ANTECEDENTES El 3 de octubre de 2002, el ciudadano RICARDO CIFUENTES SALAMANCA ejerció acción popular ante el Tribunal Administrativo de Cundinamarca en contra del Concejo Municipal de Anapoima, con el objeto de obtener la protección de los derechos colectivos a la seguridad y salubridad públicas, el acceso a una infraestructura de servicios que garantice la salubridad pública, el acceso a los servicios públicos y a que su prestación sea eficiente y oportuna y los derechos de los consumidores y usuarios. Los hechos en que se fundamentó la solicitud fueron: a. El parágrafo del artículo 29 del Decreto 475 de 1998, establece como porcentaje mínimo de aceptabilidad para el agua de consumo humano el 95%; sin embargo, de acuerdo con estudio realizado por la Secretaría de Salud de
Cundinamarca, el agua que reciben los habitantes del municipio de Anapoima tiene un porcentaje de aceptabilidad del 0%. b. El agua que consumen los habitantes del municipio de Anapoima procede de la quebrada La Honda. c. Los parámetros microbiológicos de la quebrada La Honda arrojan un 13% de coliformes totales (junio de 2001 turbulencia alta y fosfatos altos). c. El agua que están consumiendo los habitantes de Anapoima no cumple con la calidad exigida por el Decreto 475 de 1998. PRETENSIONES Los accionantes buscan mediante la presente acción popular: Que se ordene al Alcalde y al Concejo Municipal de Anapoima y al encargado de prestar el servicio público de acueducto realizar las acciones necesarias para que los habitantes de Anapoima reciban agua potable, apta para el consumo humano tal como lo establece el Decreto 475 de 1998. Si son necesarias la construcción de obras y plantas de tratamiento, que se ordene al ejecutor del gasto, como requisito para la inversión, la aprobación de los diseños por parte de la Secretaría de Salud de Cundinamarca. 2.- Que se ordene la contratación de personas capacitadas e idóneas para que se encarguen del manejo del acueducto.
DEFENSA
1. La Superintendencia de Servicios Públicos Domiciliarios se opuso a las pretensiones de la demanda, en primer lugar porque de acuerdo con el artículo 5 de la Ley 472 de 1994 es competencia de los municipios asegurar que las empresas presten los servicios públicos domiciliarios de manera eficiente, concepto que comporta tanto la calidad como su aceptabilidad para el consumo.

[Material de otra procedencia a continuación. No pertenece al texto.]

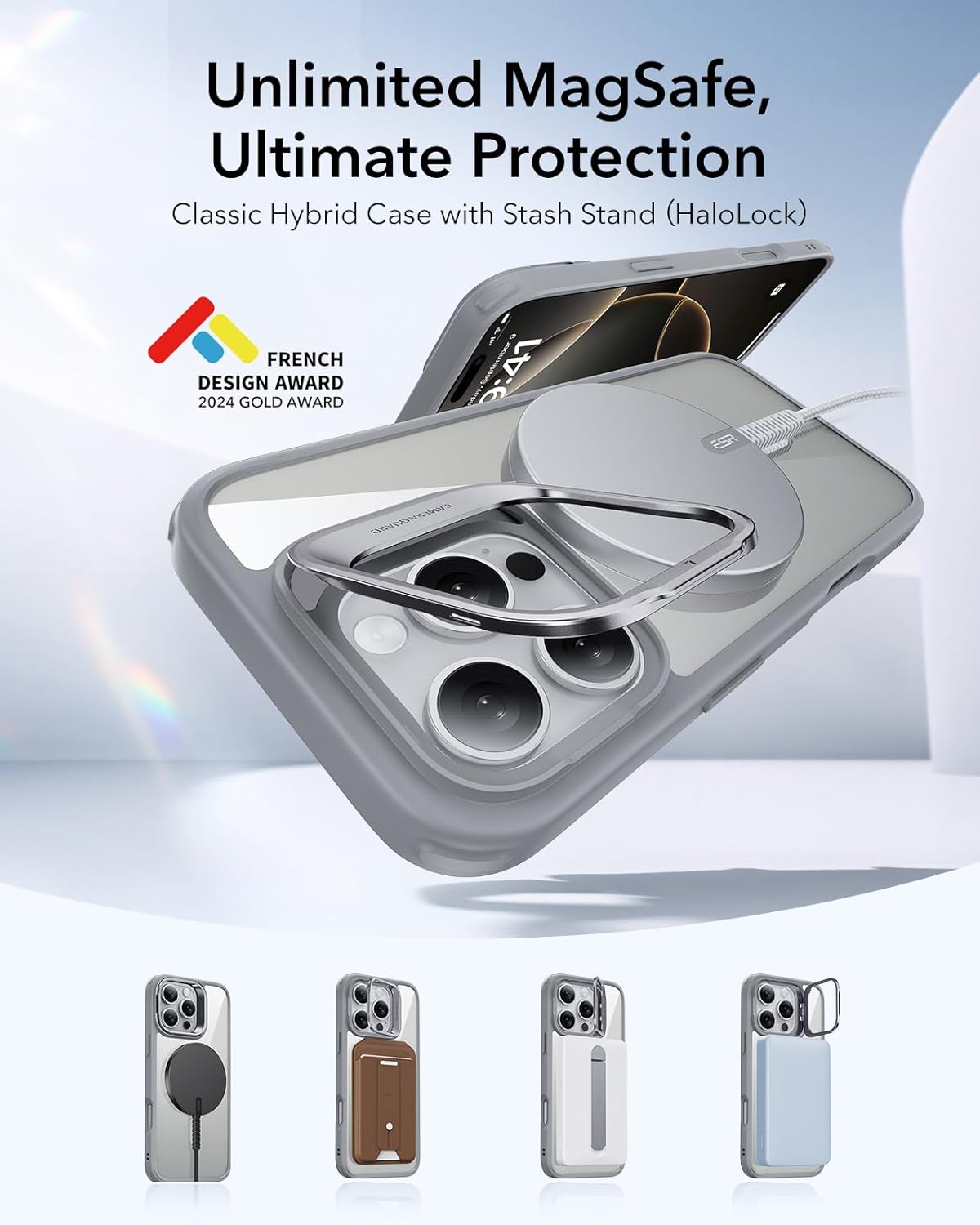ESR калъф за iPhone 16 Pro с управление на камерата, съвместим с Magsafe, защитен калъф за мобилен телефон по военен стандарт, калъф за iPhone 16 Pro, вградена стойка, устойчив на надраскване гръб

Igualmente manifiesta que la entidad encargada de realizar el control, inspección y vigilancia sobre la calidad del agua es la Secretaría de Salud de Cundinamarca quien se encarga de reportar a esta Superintendencia si la empresa cumple o no con los estándares de calidad del agua que provee. Afirmó que el accionante carece de legitimación en la causa por activa por no ser una persona perteneciente al grupo cuyos derechos colectivos se están viendo amenazados o violados.
2. El Alcalde Municipal de Anapoima, igualmente se opuso a las pretensiones de la demanda, ya que considera que las aseveraciones realizadas por el accionante son irresponsables ya que desconoce totalmente la inversión de los recursos del municipio que son destinados en gran parte al saneamiento básico y agua potable mediante el fortalecimiento de acueductos urbanos, regionales y veredales; además, asegura que el personal que desempeña labores en dichos acueductos cuentan con altos niveles de conocimiento y capacitación.
3. El Concejo municipal de Anapoima, igualmente se opone a las pretensiones de la demanda, ya que no es la entidad encargada de prestar el servicio de agua potable, además considera que no existe mérito probatorio para absolver en forma favorable las pretensiones de la demanda.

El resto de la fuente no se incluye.